ISIS’ Genocide: Mass Grave Found in Iraq Containing At Least 50 Bodies

Published December 14th, 2017 - 11:51 GMT
A Yazidi woman stands next to an unearthed mass grave in northern Iraq (Safin Hamed/AFP)
A Yazidi woman stands next to an unearthed mass grave in northern Iraq (Safin Hamed/AFP)

 

  • ISIS faces total defeat, but evidence of its genocide mounts
  • Today, a mass grave was found in Sinjar, Iraq
  • Sinjar is the home of thousands of Yazidis, a religious minority
  • ISIS enslaved and killed thousands of them when they captured Sinjar in 2014

 

By Ty Joplin

 

Early yesterday morning on Dec. 13, Bas News reported that a mass grave was discovered in northern Iraq near Sinjar, containing the remains of at least 50 people.

The Sinjar region in Iraq is the home of the Yazidi religious minority, and was captured by the Islamic State (ISIS) in 2014. Thousands of Yazidis were enslaved or killed by ISIS.

In 2016, the U.N.-mandated Independent International Commission of Inquiry (COI) on the Syrian Arab Republic deemed ISIS’ systematic destruction of the Yazidi people as a genocide and called for decisive steps against the group to prevent further atrocities.

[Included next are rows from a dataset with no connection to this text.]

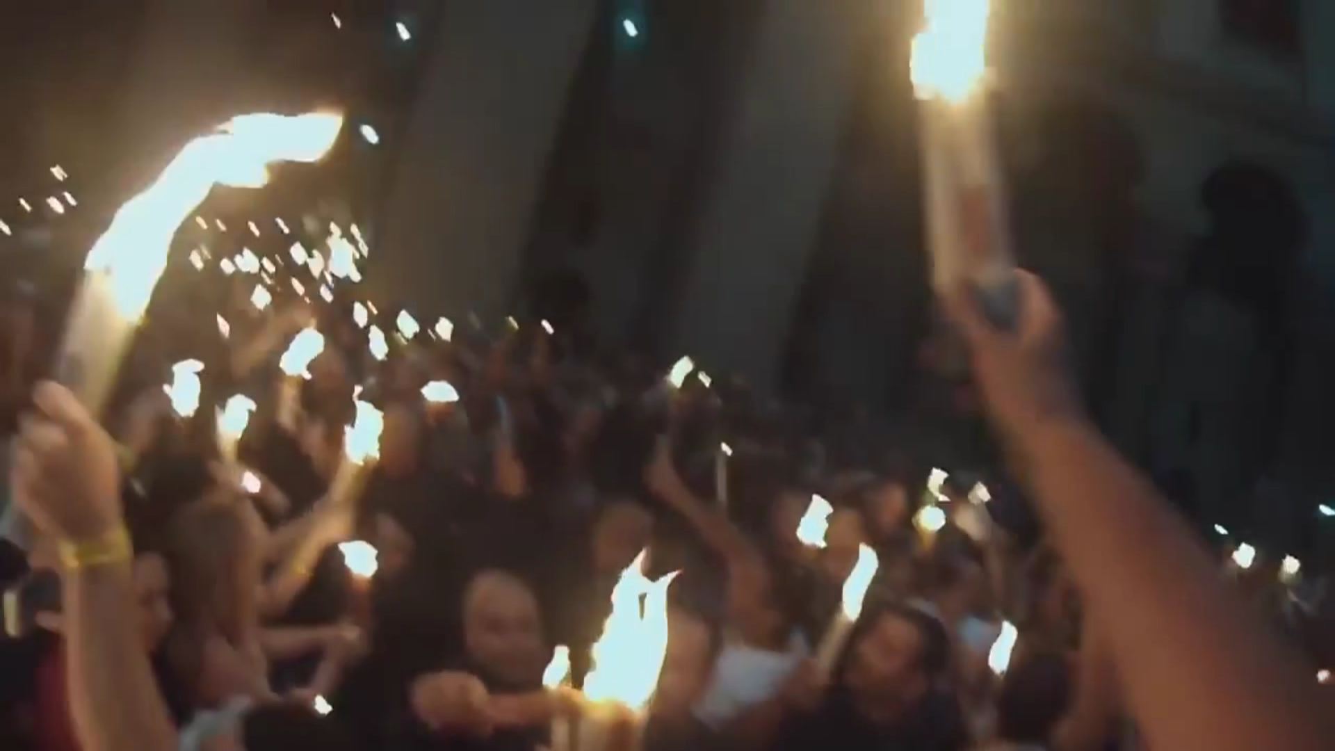 ცეცხლი რომელსაც საქართველოში ელოდებიან, აღდგომის ტაძარში, კუვუკლიიდან პირველმა იერუსალიმის პატრიარქმა გამოიტანა. შემდეგ კი ცეცხლი ტაძარში შეკრებილმა მორწმუნეებმა ერთმანეთს გადააწოდეს....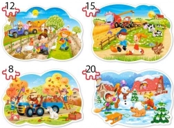 Discover a fun and educational puzzle set for little ones: 4 separate jigsaw puzzles with farm and countryside themes in difficulties of 8, 12, 15 and 20 pieces. Thanks to the vibrant colors, large pieces and thoughtful design, kids can easily complete each picture while developing motor skills, logical thinking and focus.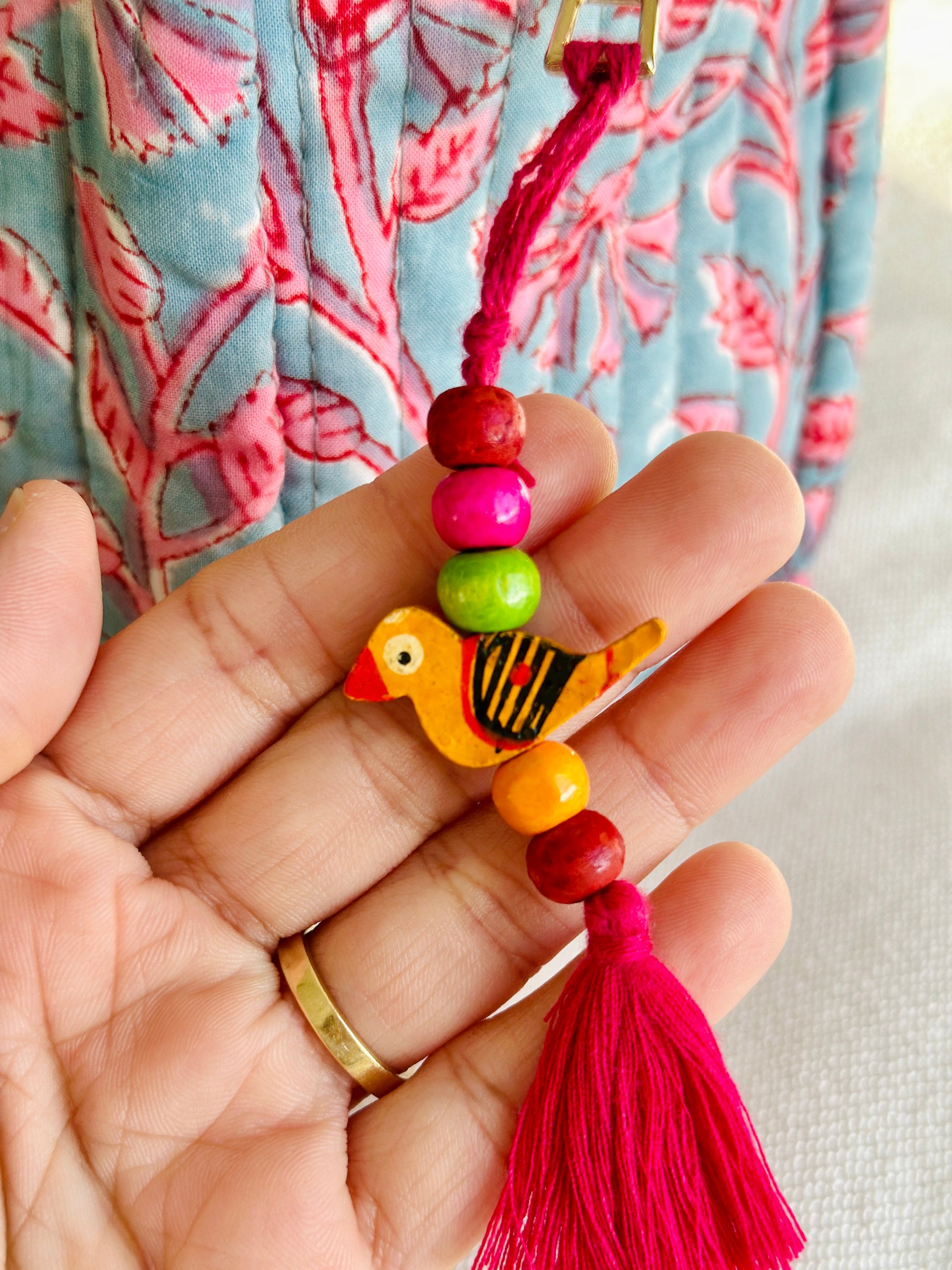 Siya Makeup Bag features a soft powdery grey blue base wrapped in vivid pink hand-block printed vines. The delicate floral design feels wild yet graceful — like a garden dancing in the breeze. Bright and breezy, this pouch carries a spark of playfulness.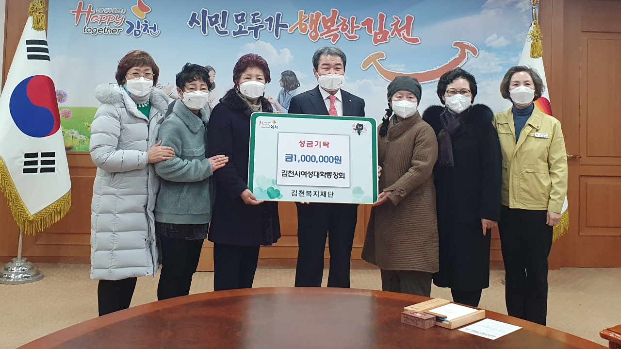 | 김천시여성대학동창회(회장 서지선)는 1월 12일 김천복지재단에 1백만원의 후원금을 기탁했다.

As ISIS faces total military defeat in Iraq and Syria, evidence of their short but brutal reign is being uncovered.

This mass grave is one among a growing list of mass graves discovered in the Yazidi regions of Iraq. 

"Men, women and children executed by the Islamic State group when they controlled the region," a local official told The New Arab on Nov. 22, upon the discovery of a mass grave that contained the bodies of 73 people. 

On Dec. 2, two more mass graves were discovered by Iraqi paramilitary forces, containing 140 civilians who were mostly Yazidi. 

Sinjar’s mayor, Mahma Khalil said that since 2015, around 40 mass graves have been unearthed, and that “all the victims were Yazidis.”

The city of Sinjar was largely destroyed by ISIS, but the remaining Yazidi residents have spoken hopefully about its reconstruction.

Khalil spoke with VOA News, saying the “people of Sinjar have very painful memories about the IS massacre in this town and they don’t want to return… we’re working on a new Sinjar that will be built according to standards of modern cities.”